### Try it
Take the listing below and write it out again exactly, skipping any picture that it holds.

### Input data
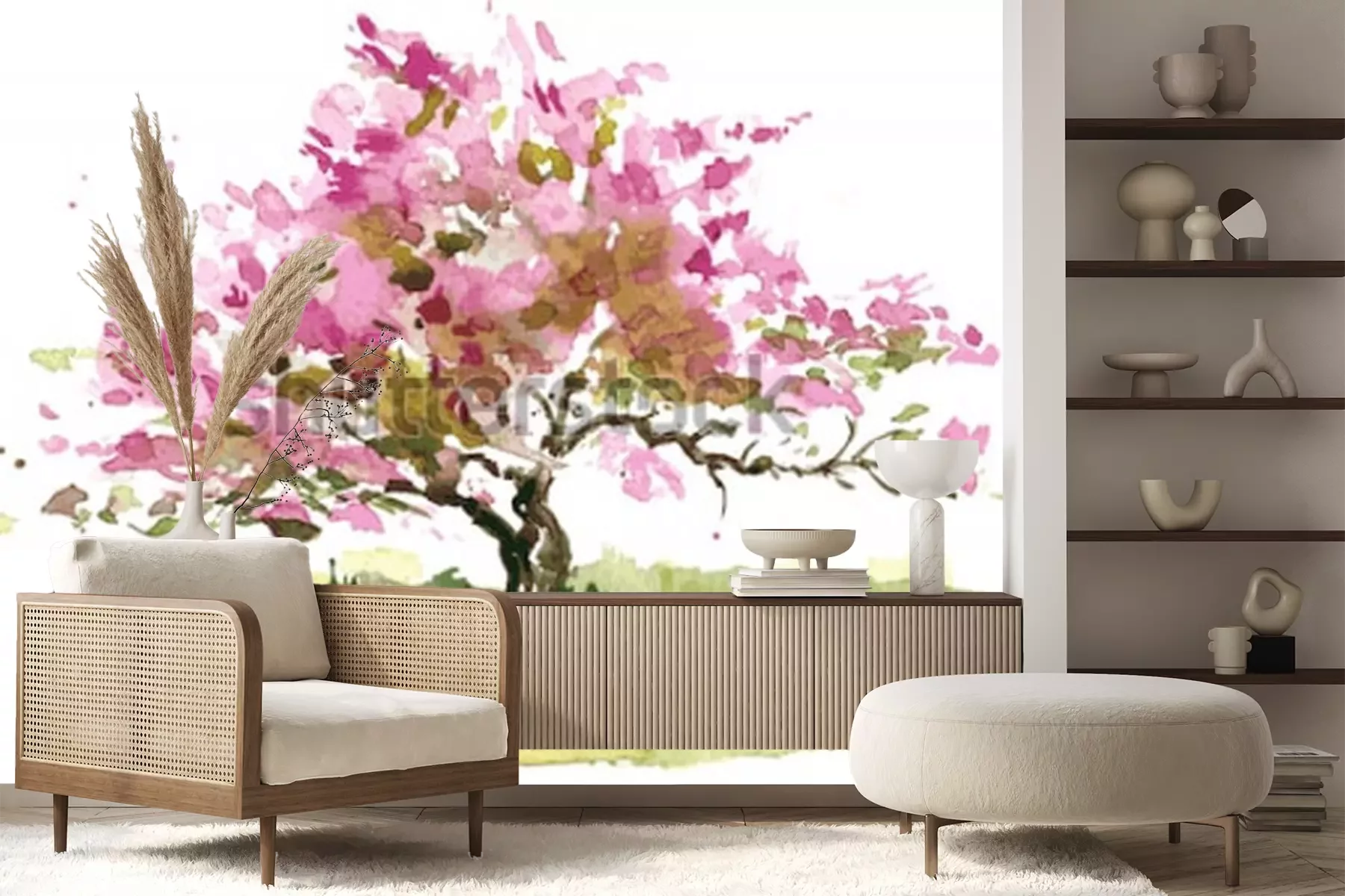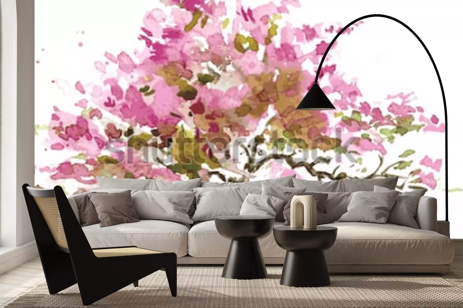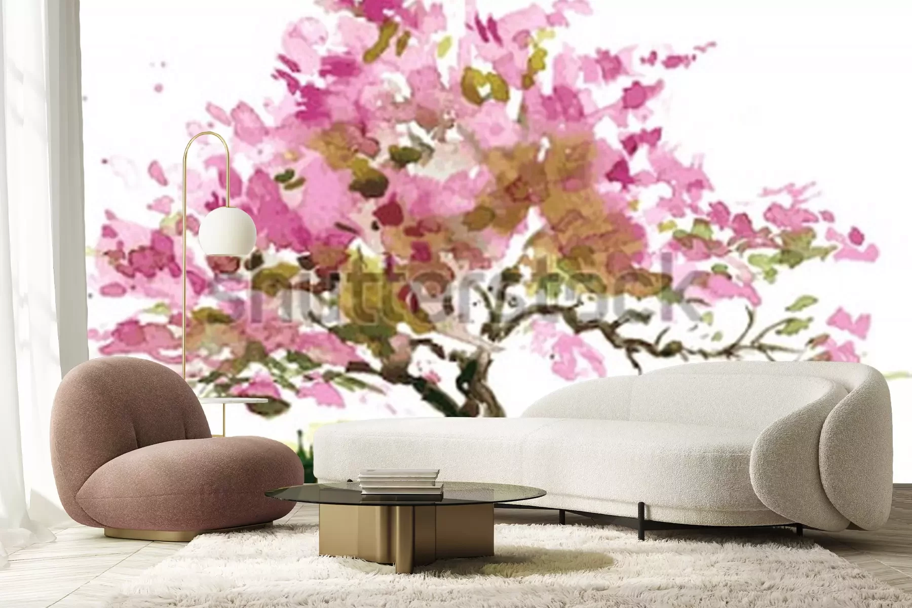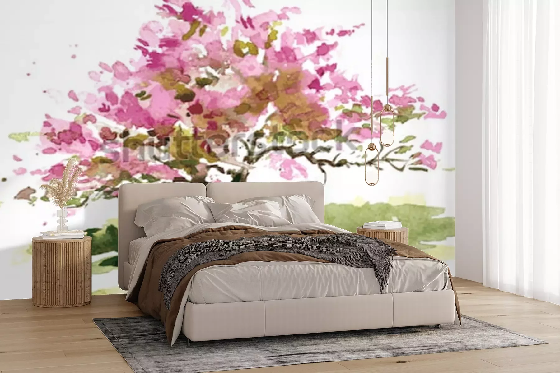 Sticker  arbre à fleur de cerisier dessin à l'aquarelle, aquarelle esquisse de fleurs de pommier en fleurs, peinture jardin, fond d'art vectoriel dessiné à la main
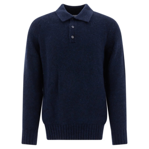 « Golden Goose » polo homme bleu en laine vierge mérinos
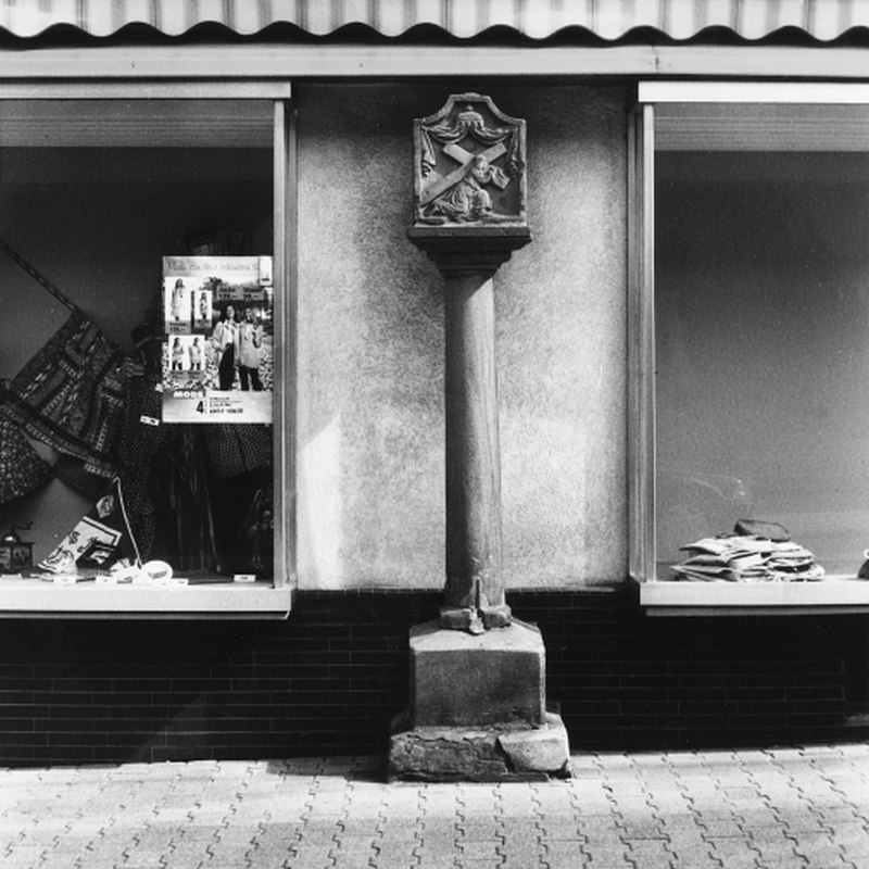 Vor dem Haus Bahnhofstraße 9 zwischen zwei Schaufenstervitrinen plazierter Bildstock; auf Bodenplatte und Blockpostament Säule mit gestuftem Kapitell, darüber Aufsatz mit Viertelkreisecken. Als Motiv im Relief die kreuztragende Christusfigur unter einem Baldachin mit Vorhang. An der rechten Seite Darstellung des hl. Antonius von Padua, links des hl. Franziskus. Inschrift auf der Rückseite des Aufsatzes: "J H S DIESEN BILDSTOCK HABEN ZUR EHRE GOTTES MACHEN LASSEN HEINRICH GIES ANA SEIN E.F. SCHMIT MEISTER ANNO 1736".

### Answer to this problem
 Sticker  arbre à fleur de cerisier dessin à l'aquarelle, aquarelle esquisse de fleurs de pommier en fleurs, peinture jardin, fond d'art vectoriel dessiné à la main
 « Golden Goose » polo homme bleu en laine vierge mérinos
 Vor dem Haus Bahnhofstraße 9 zwischen zwei Schaufenstervitrinen plazierter Bildstock; auf Bodenplatte und Blockpostament Säule mit gestuftem Kapitell, darüber Aufsatz mit Viertelkreisecken. Als Motiv im Relief die kreuztragende Christusfigur unter einem Baldachin mit Vorhang. An der rechten Seite Darstellung des hl. Antonius von Padua, links des hl. Franziskus. Inschrift auf der Rückseite des Aufsatzes: "J H S DIESEN BILDSTOCK HABEN ZUR EHRE GOTTES MACHEN LASSEN HEINRICH GIES ANA SEIN E.F. SCHMIT MEISTER ANNO 1736".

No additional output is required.